Source: Scatterplots by Katherine Williams
This tutorial talks about measures of variation. Now, another name for measures a variation is measures of spread. With measures of variation or spread, it's giving us important information about the distribution of data. Using only the measure of center is not enough. So if we only look at where the center of our data is, we won't get a complete enough picture of how our data is distributed, if we don't also look at the measures of variation or spread.
Examples of measure variation or spread include range, standard deviation, and variance. Each of these three measures of variation, range, standard deviation, and variance, will be covered in another tutorial that will go through how to calculate them and how to kind of interpret the value that you obtain.
One thing to note is that if you have a high measure of variation, then the data is very spread out from the center. You have a lot of values that are very low or very high.

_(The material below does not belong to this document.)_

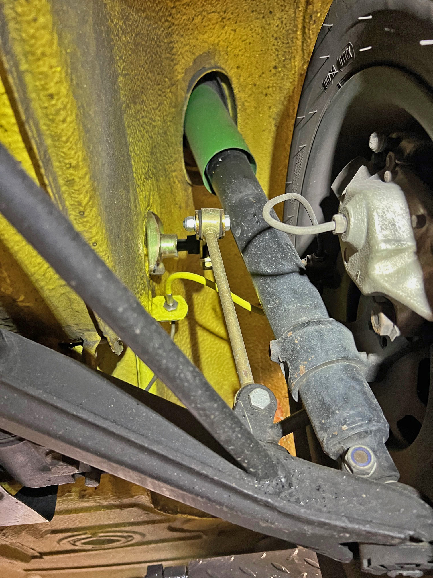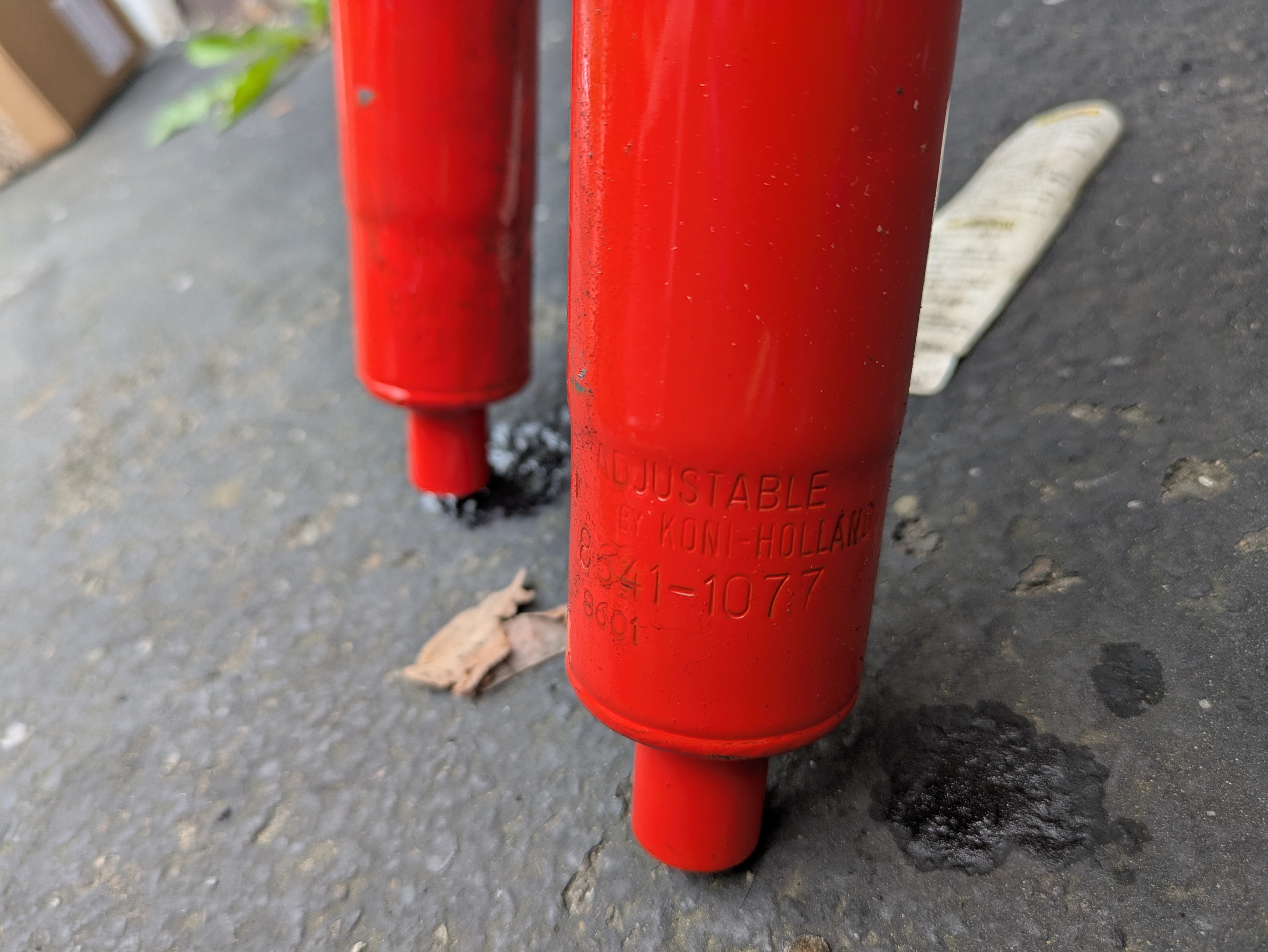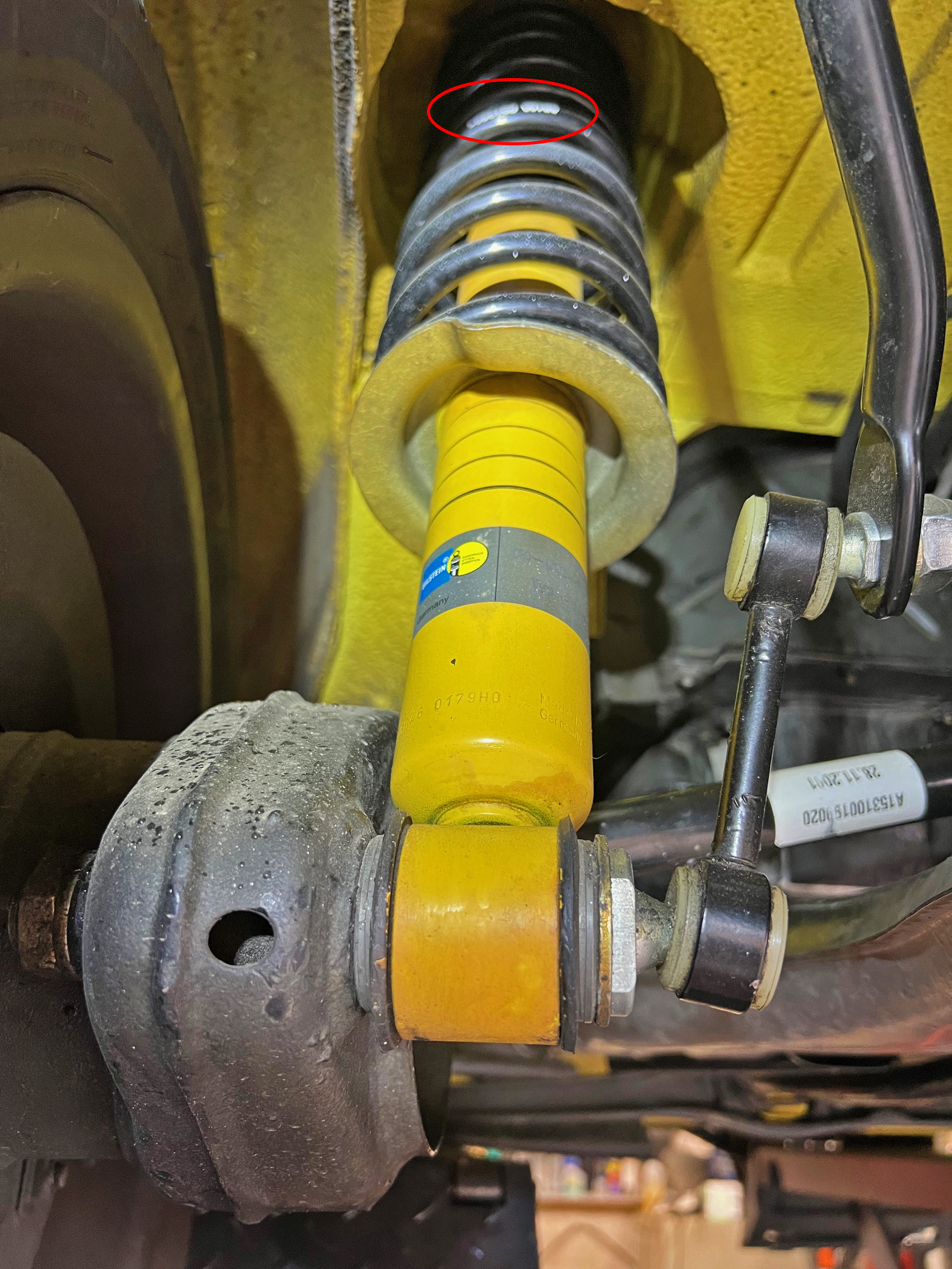 If the struts have been switched out, you need to figure out if they are Boge, Bilstein or Koni and if the caliper spacing is 3” or 3 1/2. Early 3” Boge 911 struts will take the same Boge inserts as a 914 but everything else is different. The most practical way to tell if the torsion bars are bigger is to measure them. If they are 911/914-6 size, they are 1mm larger. That makes them stiffer but doesn’t automatically make them “harsh”. So the first step is to figure out what you have so you can decide on the best solution. So, the bolt center to center spacing on the calipers looks to be around 76mm or 3", so older non-S 911 parts I assume. Viewed from the front they look like this: The green dust cap up top looks newer than the strut itself... And I did actually find a marking on the rear springs... Did a search for the number but didn't find anything right away, but I assume SP100 indicates 100# springs? (more or less stock... hopefully not 100Kg...) 912 parts? Edit: AI is telling me they are probably aftermarket from Weltmeister. The sway bars are 15 front / 16 rear (stock option size) |

And then, your center is kind of far away from that. If you have a low measure of variation, the data is bunched up around the center. So let's look at an example.
Let's pretend we're looking at a very simplified example of the temperatures of three days in two different cities. And in one city, we have the first day it's 0 degrees, the second day it's 25 degrees out, and the third day it's 50 degrees out. Now, I know that's not very likely. But it's going to help to [INAUDIBLE] our point.
And in the other city, we had a temperature of 24 degrees, 25 degrees, and 26 degrees. Now, in both cities, the middle value, the center, the median, is 25. So they both have the same center. But if we look at the spread, here, the data is a lot more spread out. It goes from the minimum of 0 to the maximum of 50. So this is highly varied and the data is very spread out from the center.
In this example, the data is much less spread out. It goes only from 24 to 26. So in this example, they have a very low measure of spread, very low variation. So this is why it's important to look at both center and spread. Because without knowing both the center and the spread, you can have two very different data sets and not know the difference if you're only looking at the center. So this has been your tutorial on the measures of variation.